4/30/07

May 04, 2007 15:15

Man, am I ever stupid
I went fishing for disappointment
for somebody completely unrefined
Damned if it wasn't you
that I caught and reeled in on the line
Damned if I didn't see you coming
from a million miles away
But I kept bringing you on in,
despite all of the warnings in the way
Damned if I don't have to learn everything
the hardest possible way
And if ever I was feeling alone,
if ever I felt afraid
Who was I supposed to turn to,
Where could I ever possibly run to
That could take me far enough away from you?

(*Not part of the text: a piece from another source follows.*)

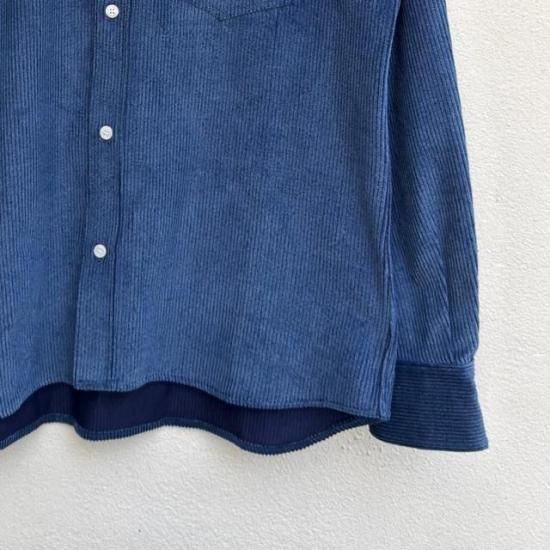 コンション・キネの2025年新作シャツになります。レギュラーカラーのシャツですが、ワークシャツのような仕様に上品なワイドな襟の組み合わせが新鮮に感じるのでは。これらは、フランス国内のドレス縫製をこなす工場で仕立てられている、が理由となり、ここでしか味わえない大人好みのシャツな味付けとなっております。フランス製で¥18,000というプライスも秀逸ですね。生地は、艶感が美しいコーデュロイとなっております。カジュアルな生地ですが、品のあるインディゴブルーも相まって中々見掛けない味付けとなっているのです。こちらも生地大国フランス国内で調達されているのです。

I don't think there is a place that exists
that would feel quite right without you
But I cannot figure out
what I'm supposed to do about you
Tonight you love me
Tomorrow you won't
It drives me to a point
just short of insanity
And I am actually attracted to
your endless supply of vanity
I make myself sick with the way
that you've got me utterly enamored
And I can't believe it when I hear myself saying
that's sure, it's fine, it's quite alright
if you want to spend the night
And no, I really don't mind
if it's just one kiss
And I won't complain
when you put your hand on my thigh
And if you wnat to make love to me
I guess that's cool if it's just this once
God, I am so ashamed
of the mess that you have made of me
But I promise that I won't scream when you leave
I won't fall down on my knees
Because, for what it's worth,
I was prepared for all of this
Way before the first time we kissed
I was already ready for this
I've given up on trying to
deflect your unwavering stare
Abandoned thoughts of
resisting your eyes
So, come on, I'm ready to be your pawn
I am sitting here waiting to get trampled on.